**Task goal:** Give again, word for word, the lines below that run from the line with "SN – I use loose" through the line with "رایکونن در زمان". Drop the pictures.

**Records for the task:**

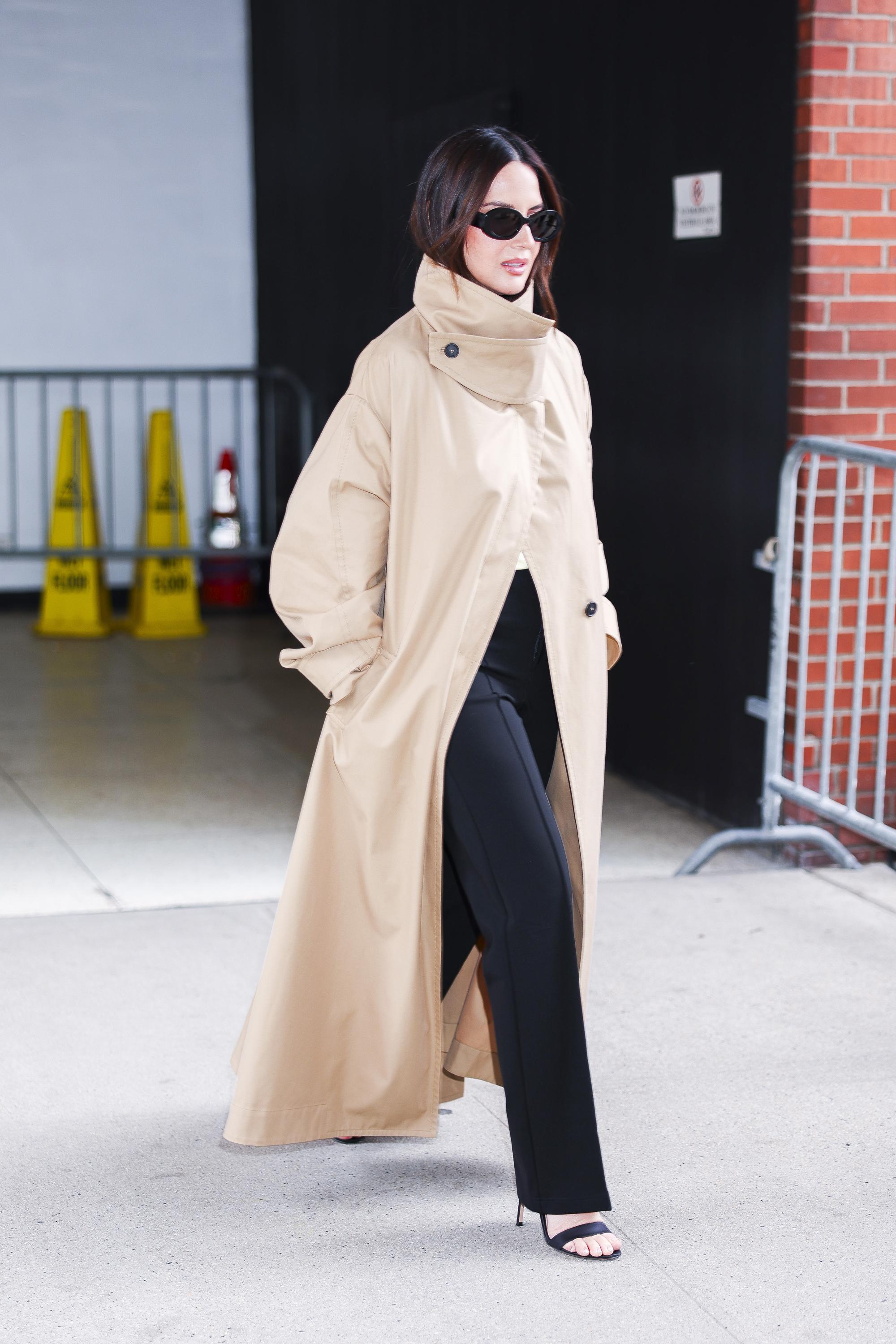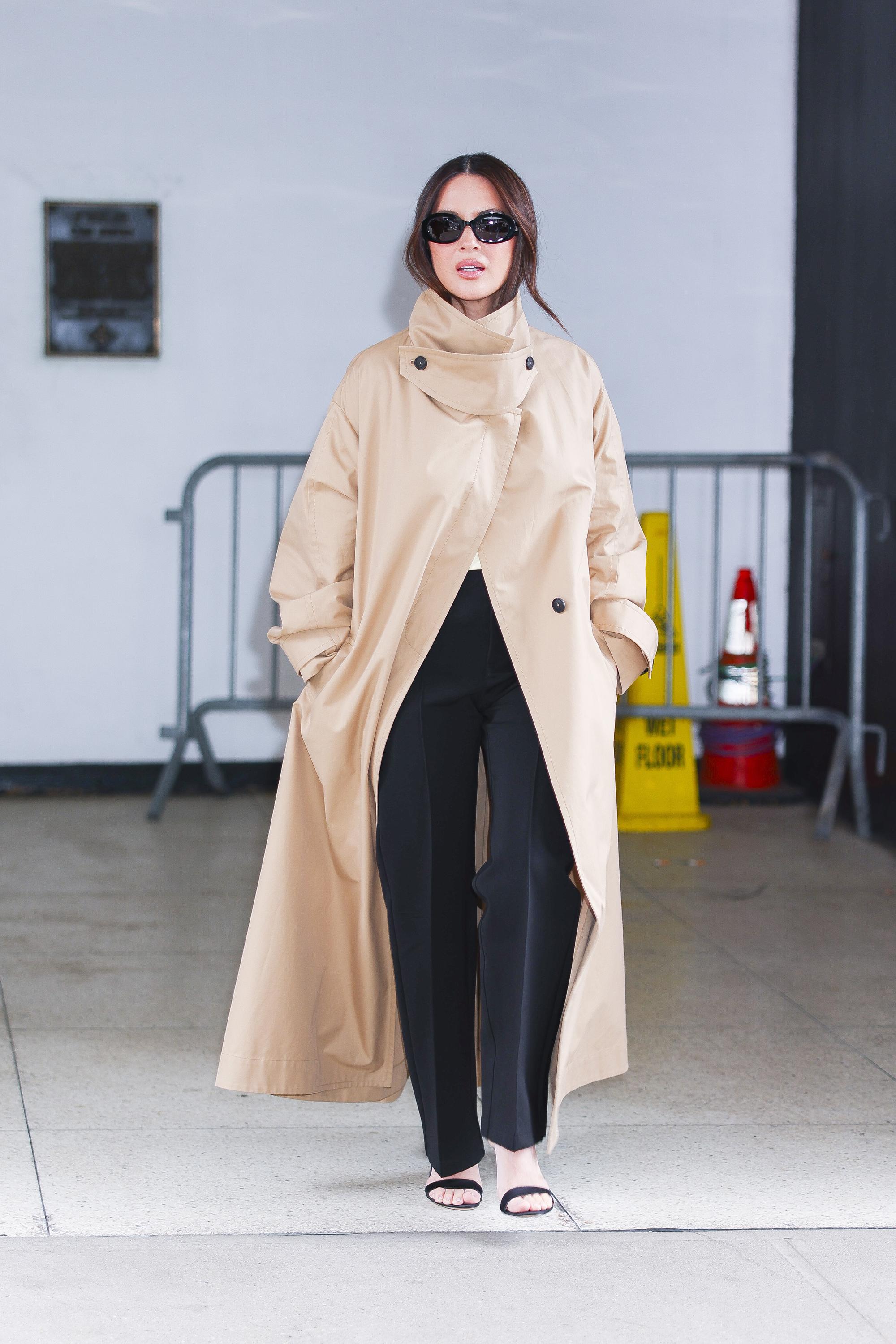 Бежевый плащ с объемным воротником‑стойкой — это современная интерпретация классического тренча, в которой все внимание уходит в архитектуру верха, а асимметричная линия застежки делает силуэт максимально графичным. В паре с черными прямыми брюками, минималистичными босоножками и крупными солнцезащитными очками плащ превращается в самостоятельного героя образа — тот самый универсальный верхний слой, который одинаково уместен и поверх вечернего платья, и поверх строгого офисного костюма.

==

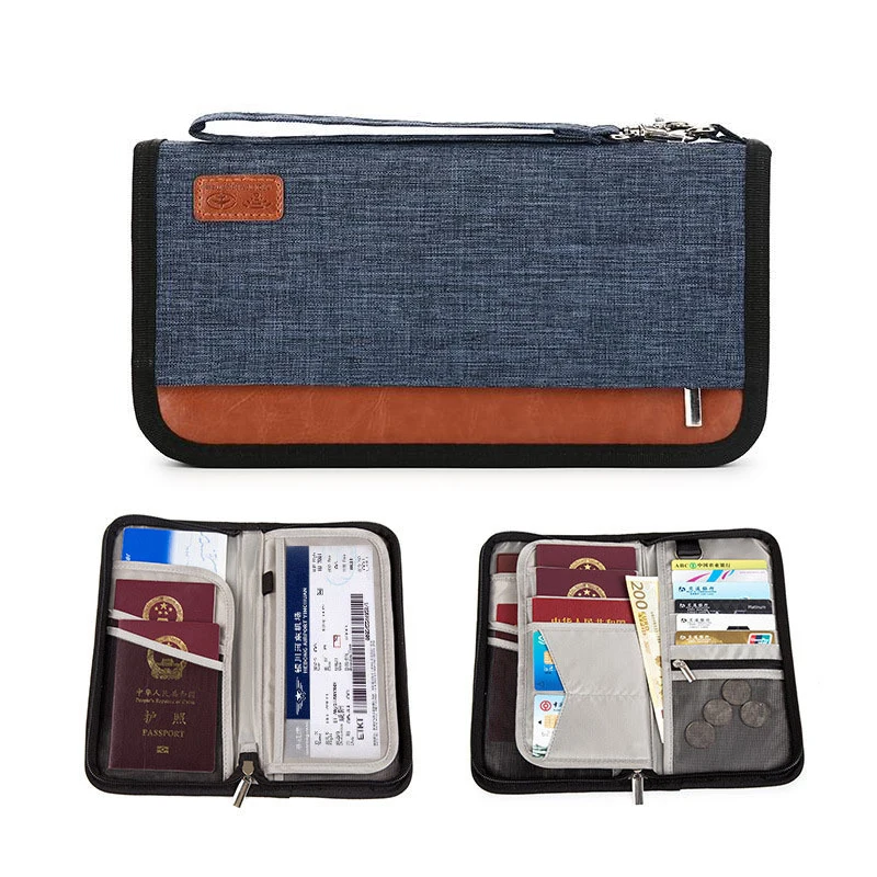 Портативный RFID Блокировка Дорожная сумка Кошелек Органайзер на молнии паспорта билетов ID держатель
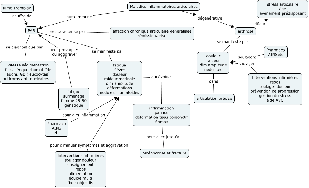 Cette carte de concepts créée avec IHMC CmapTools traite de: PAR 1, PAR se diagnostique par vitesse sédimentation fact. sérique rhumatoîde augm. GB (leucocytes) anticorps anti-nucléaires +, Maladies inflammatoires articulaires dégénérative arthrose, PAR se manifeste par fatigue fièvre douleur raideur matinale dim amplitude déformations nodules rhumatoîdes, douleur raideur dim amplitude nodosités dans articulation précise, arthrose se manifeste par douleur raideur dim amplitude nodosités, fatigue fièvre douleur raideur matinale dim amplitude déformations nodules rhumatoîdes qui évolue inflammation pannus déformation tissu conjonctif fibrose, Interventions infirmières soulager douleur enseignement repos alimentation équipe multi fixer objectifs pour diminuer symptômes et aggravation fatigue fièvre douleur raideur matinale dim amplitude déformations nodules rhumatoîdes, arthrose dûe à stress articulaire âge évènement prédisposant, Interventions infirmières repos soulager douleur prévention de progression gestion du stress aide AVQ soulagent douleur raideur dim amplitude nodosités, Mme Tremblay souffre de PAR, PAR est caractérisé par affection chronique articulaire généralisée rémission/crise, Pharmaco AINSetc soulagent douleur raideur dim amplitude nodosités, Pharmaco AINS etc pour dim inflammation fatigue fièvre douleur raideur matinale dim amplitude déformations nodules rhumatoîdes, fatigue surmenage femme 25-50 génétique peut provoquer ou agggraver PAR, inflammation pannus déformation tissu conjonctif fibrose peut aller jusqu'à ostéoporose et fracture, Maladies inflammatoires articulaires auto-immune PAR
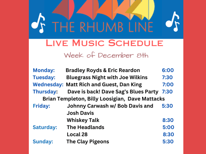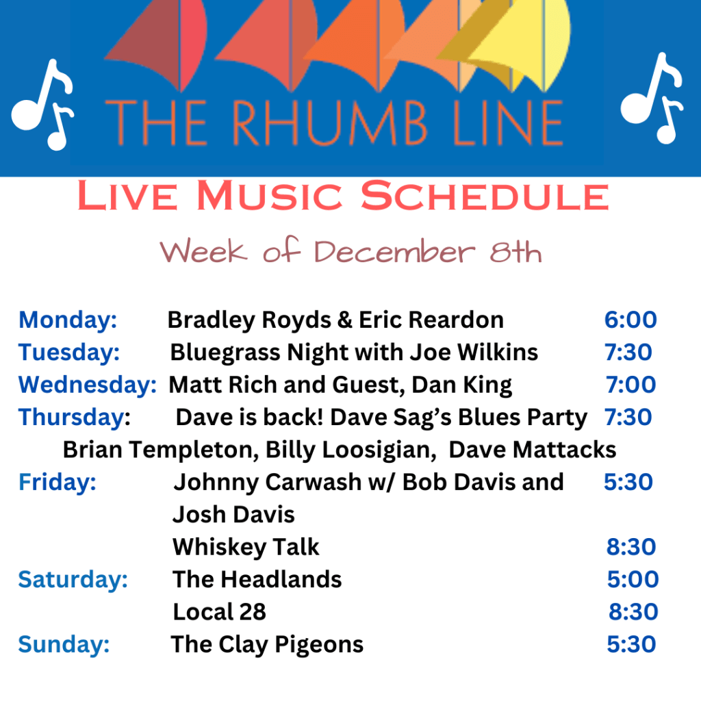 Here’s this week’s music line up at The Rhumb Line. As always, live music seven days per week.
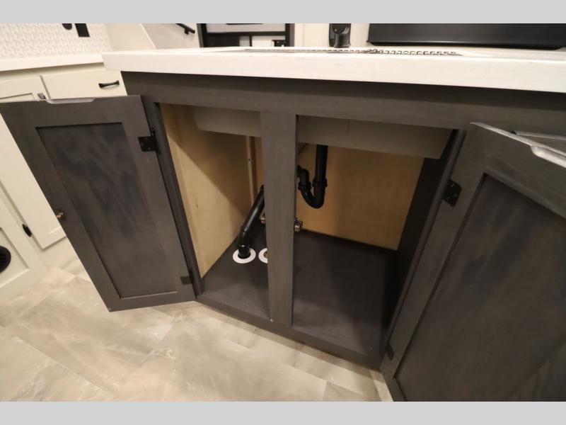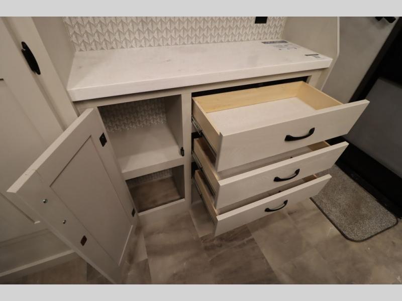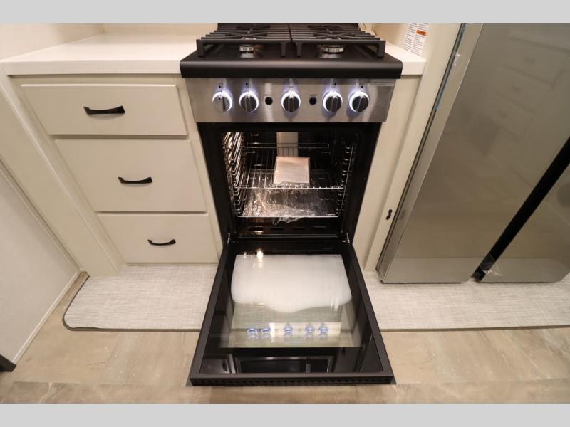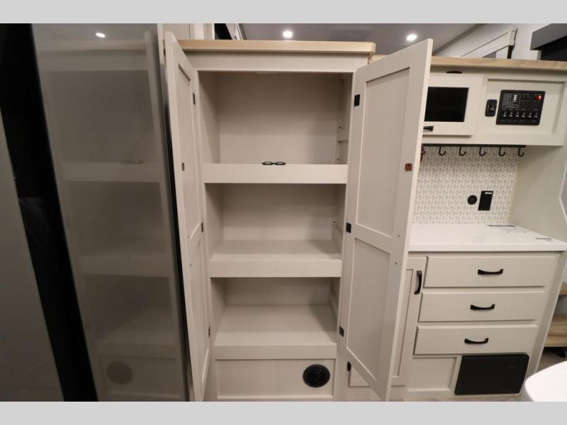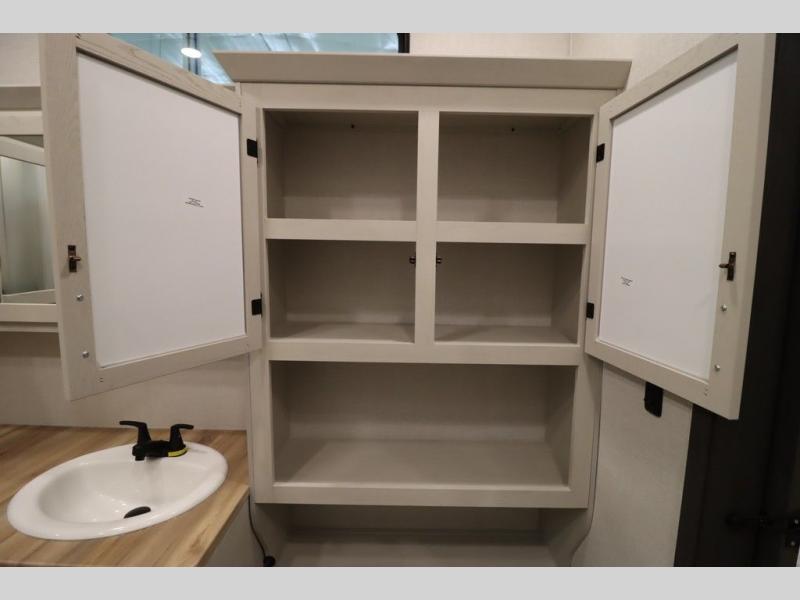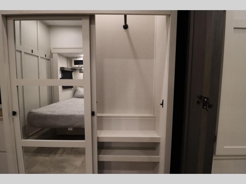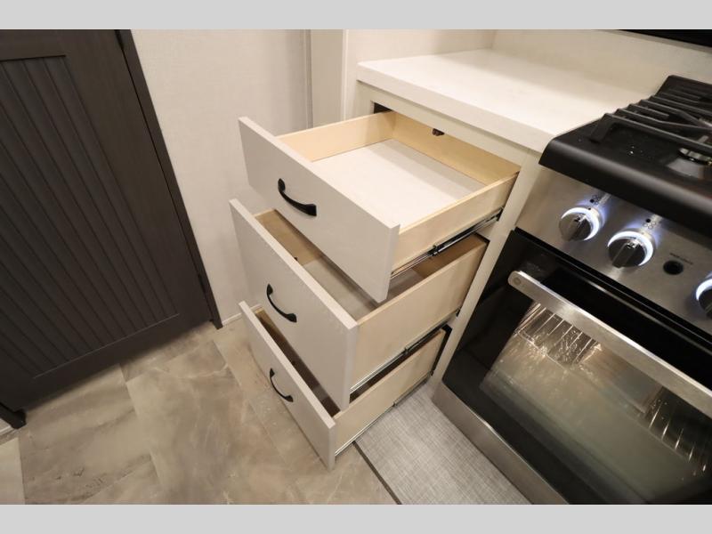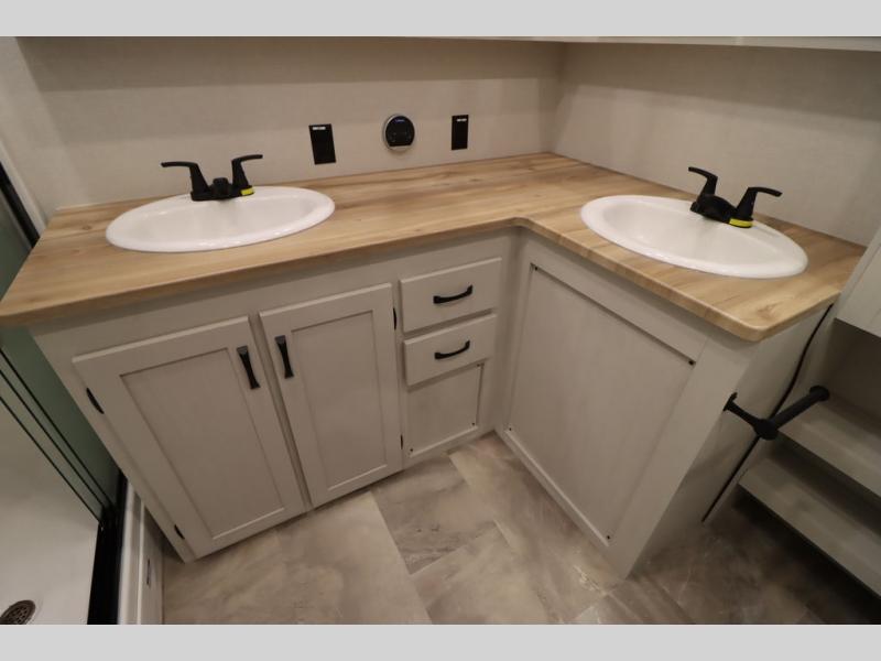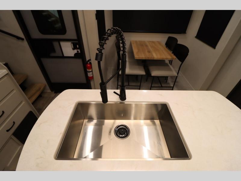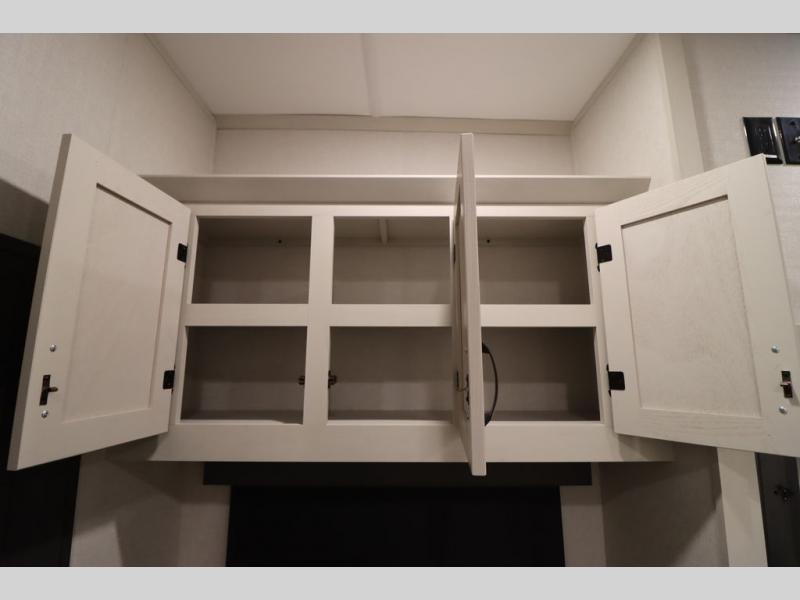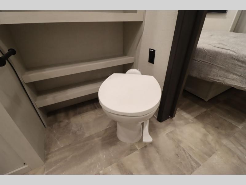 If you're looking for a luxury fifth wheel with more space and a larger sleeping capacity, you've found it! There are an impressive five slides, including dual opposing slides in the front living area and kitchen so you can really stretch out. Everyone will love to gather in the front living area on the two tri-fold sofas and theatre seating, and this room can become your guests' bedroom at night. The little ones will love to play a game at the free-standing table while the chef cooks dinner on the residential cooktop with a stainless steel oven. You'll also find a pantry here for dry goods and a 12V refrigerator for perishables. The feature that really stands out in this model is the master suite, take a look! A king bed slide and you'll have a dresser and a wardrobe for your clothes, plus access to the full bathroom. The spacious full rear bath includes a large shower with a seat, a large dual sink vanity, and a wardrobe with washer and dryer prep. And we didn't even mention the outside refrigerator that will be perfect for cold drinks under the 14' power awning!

...

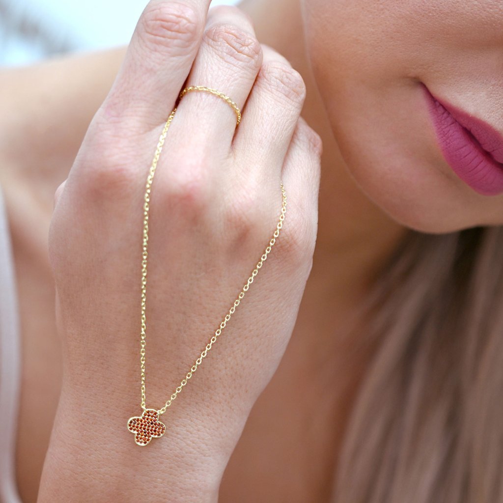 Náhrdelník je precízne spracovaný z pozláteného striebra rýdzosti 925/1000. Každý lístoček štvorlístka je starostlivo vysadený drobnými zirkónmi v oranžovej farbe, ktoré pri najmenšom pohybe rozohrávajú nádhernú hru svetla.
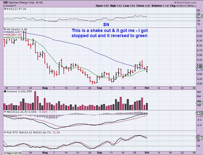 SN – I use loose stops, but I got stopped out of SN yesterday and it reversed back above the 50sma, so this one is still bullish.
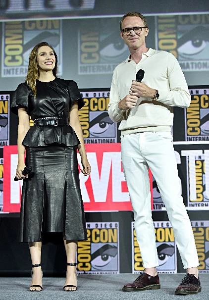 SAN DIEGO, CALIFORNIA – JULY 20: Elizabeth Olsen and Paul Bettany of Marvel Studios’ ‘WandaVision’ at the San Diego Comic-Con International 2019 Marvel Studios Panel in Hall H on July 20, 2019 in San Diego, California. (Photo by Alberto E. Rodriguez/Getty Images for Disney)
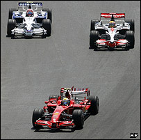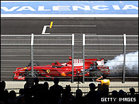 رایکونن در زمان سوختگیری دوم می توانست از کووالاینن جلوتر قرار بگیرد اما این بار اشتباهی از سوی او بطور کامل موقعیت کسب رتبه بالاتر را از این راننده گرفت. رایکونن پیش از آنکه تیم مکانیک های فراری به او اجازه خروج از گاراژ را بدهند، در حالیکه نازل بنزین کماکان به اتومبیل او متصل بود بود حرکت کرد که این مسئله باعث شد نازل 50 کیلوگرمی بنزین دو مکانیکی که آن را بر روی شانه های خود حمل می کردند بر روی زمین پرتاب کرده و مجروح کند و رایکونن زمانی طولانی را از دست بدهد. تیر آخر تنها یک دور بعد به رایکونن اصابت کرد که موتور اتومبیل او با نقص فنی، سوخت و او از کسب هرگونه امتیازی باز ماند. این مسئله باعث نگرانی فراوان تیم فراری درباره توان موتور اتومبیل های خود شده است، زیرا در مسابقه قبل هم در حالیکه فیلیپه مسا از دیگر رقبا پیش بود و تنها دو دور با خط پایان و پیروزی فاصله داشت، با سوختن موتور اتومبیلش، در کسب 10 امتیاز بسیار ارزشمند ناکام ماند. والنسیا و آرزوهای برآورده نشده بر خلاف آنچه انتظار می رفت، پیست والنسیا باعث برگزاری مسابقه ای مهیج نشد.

**The completed task:**
 SN – I use loose stops, but I got stopped out of SN yesterday and it reversed back above the 50sma, so this one is still bullish.
 SAN DIEGO, CALIFORNIA – JULY 20: Elizabeth Olsen and Paul Bettany of Marvel Studios’ ‘WandaVision’ at the San Diego Comic-Con International 2019 Marvel Studios Panel in Hall H on July 20, 2019 in San Diego, California. (Photo by Alberto E. Rodriguez/Getty Images for Disney)
 رایکونن در زمان سوختگیری دوم می توانست از کووالاینن جلوتر قرار بگیرد اما این بار اشتباهی از سوی او بطور کامل موقعیت کسب رتبه بالاتر را از این راننده گرفت. رایکونن پیش از آنکه تیم مکانیک های فراری به او اجازه خروج از گاراژ را بدهند، در حالیکه نازل بنزین کماکان به اتومبیل او متصل بود بود حرکت کرد که این مسئله باعث شد نازل 50 کیلوگرمی بنزین دو مکانیکی که آن را بر روی شانه های خود حمل می کردند بر روی زمین پرتاب کرده و مجروح کند و رایکونن زمانی طولانی را از دست بدهد. تیر آخر تنها یک دور بعد به رایکونن اصابت کرد که موتور اتومبیل او با نقص فنی، سوخت و او از کسب هرگونه امتیازی باز ماند. این مسئله باعث نگرانی فراوان تیم فراری درباره توان موتور اتومبیل های خود شده است، زیرا در مسابقه قبل هم در حالیکه فیلیپه مسا از دیگر رقبا پیش بود و تنها دو دور با خط پایان و پیروزی فاصله داشت، با سوختن موتور اتومبیلش، در کسب 10 امتیاز بسیار ارزشمند ناکام ماند. والنسیا و آرزوهای برآورده نشده بر خلاف آنچه انتظار می رفت، پیست والنسیا باعث برگزاری مسابقه ای مهیج نشد.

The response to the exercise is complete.